Felix was standing in the centre of the clearing pulling leaves off branches and lazily munching on them. Someone had lit a fire a little way off from him and laid little red fish out on a leaf next to it. Jasmine ran over to Felix and kissed his silvery fur.

"There's breakfast over there," Felix chirped. It was the happiest Jasmine had heard him sound about anything. "I caught it myself."

Jasmine sat on the ground and speared one of the fish with a nearby stick. "What about the fire?" Jasmine didn't know if unicorns could shrug but she was sure that the movement Felix made was the same thing.

"That was burning when I got here," Felix replied. Jasmine held the fish over the fire feeling the warmth of the flame on her knuckles. It tasted good when it was cooked and had a meaty consistency like chicken. After devouring the first fish Jasmine promptly speared another. The hunger of the previous night had finally caught up with her. She ate all of the fish, her dress dying while she ate, and by the time breakfast was over Jasmine was finally comfortable again. When breakfast was finished (which in Felix's case took an awful lot longer) Jasmine kicked dirt over the fire which spat and crackled in protest before finally dying out.

Jasmine and Felix set off again. The air today was warm and the earthy smell of the valley hung on the breeze. Felix offered to carry Jasmine again but it was such a beautiful day that she politely declined, informing him that she'd rather walk. She carried her wellingtons in her hand and her toes sank into the soft earth with every step she took. Jasmine had long since crossed the stream she'd been sitting near with Felix and was now in a small forest, but progress here had been slow since Jasmine insisted on stopping every so often to examine an exotic plant or try and catch an unusual bug. By lunch time Jasmine had begun to fall in love with the land and promised to somehow bring Christian here to experience it. By evening she'd had so much fun exploring that she'd almost forgotten about Christian completely.

As night began to ooze across the sky Jasmine and Felix emerged from the dense canopy of trees into a large, circular clearing that was deathly silent. The sounds of the valley were inaudible here and even the birds in the treetops didn't sing. Jasmine was under the impression that if she strained her ears she would hear the grass growing. There was no movement in the clearing from any living being. Even the plants didn't rustle, despite the breeze that blew through the place and made the bottom of Jasmine's dress dance. Jasmine had the feeling that she was somewhere holy, and she took her shoes off and rested them against a nearby tree trunk.

In the centre of the clearing was a large, egg-shaped stone that was so smooth that the edges of it almost blended seamlessly into the background. It caught the light of the full moon and seemed to amplify it before bouncing off towards the trees, bathing the clearing in an eerie milky light. Jasmine walked barefoot to the stone and ran her hand across the side.

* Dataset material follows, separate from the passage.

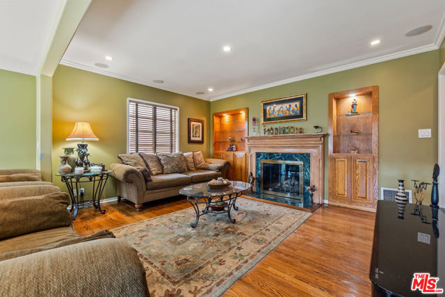 Stunning 2-Story Home in Prestigious Historic View Park A beautifully appointed 4 bedroom, 4 bath residence offering 2,927 sqft of refined living space in the highly sought after Historic View Park neighborhood. The entry showcases gleaming hardwood floors and an elegant stone staircase that gracefully splits to the second level. Downstairs boasts a spacious living room that features a stone fireplace, custom insets with accent lighting, and three large windows that fill the space with natural light. Across the entry, the formal dining room provides an inviting setting for dining and entertaining. The well designed kitchen is equipped with stone countertops, tile backsplash, rich dark wood custom cabinetry with glass front accents, under cabinet lighting, a built-in double oven, and tile flooring. An adjoining eating area offers additional convenience. Just off the kitchen, the laundry room includes matching custom cabinetry and a prep sink, and a powder room. At the rear of the home, the family room features a second fireplace with a wood mantle, lit display insets, and a glass slider leading to the backyard. A downstairs bedroom that is deal for guests or workspace, sits adjacent to a beautifully upgraded bath with wood vanity, stone countertop, vessel sink, and a shower with diagonally set decorative stone tile. Ascend the staircase to a thoughtful upper-level layout: one side leads to the primary suite with its own private bath, while the opposite side offers two additional bedrooms and a hallway bath. One bedroom features direct access to a private patio with rooftop and peek-a-boo mountain views. Another bedroom enjoys a striking view of Downtown Los Angeles from the window. The multi-tiered backyard offers versatile outdoor living, with a partially covered upper concrete terrace and two lower levels combining lawn and hardscape, perfect for relaxing or entertaining. Additional features include recessed lighting throughout most of the downstairs, central heating and air, ceiling fans in all bedrooms, and a two-car garage. Close proximity to Kenneth Hahn State Park, scenic hiking trails, and neighborhood walking paths adds to the home's appeal. Come be the newest neighbor!

Felix beat his hoof on the ground to get Jasmine's attention, and Jasmine (who had forgotten that he was behind her) jumped and turned around. "This is where we part ways," he said.

"You're leaving?"

Felix nodded. "I think this is as far north as I'm supposed to take you." He paced over to her and nuzzled her side. "But it's ok. I think you'll see me again. Maybe not for a very long time, but I have a funny kind of feeling that this might not be good bye."

"It is for now though?" Jasmine asked quietly.

"For now," Felix said with a smile in his voice. "You'll be fine though. I can tell." He turned towards the canopy of trees and took a couple of steps before turning his head back to Jasmine. "Oh, one more thing – when you see me again, remind me that this is where I left you. I have a feeling it's important."

Jasmine was about to ask Felix what he meant, but he shot off into the trees before she even opened her mouth. She sat alone on the polished rock with her head in her hands, the only help she had running miles away from her through the trees.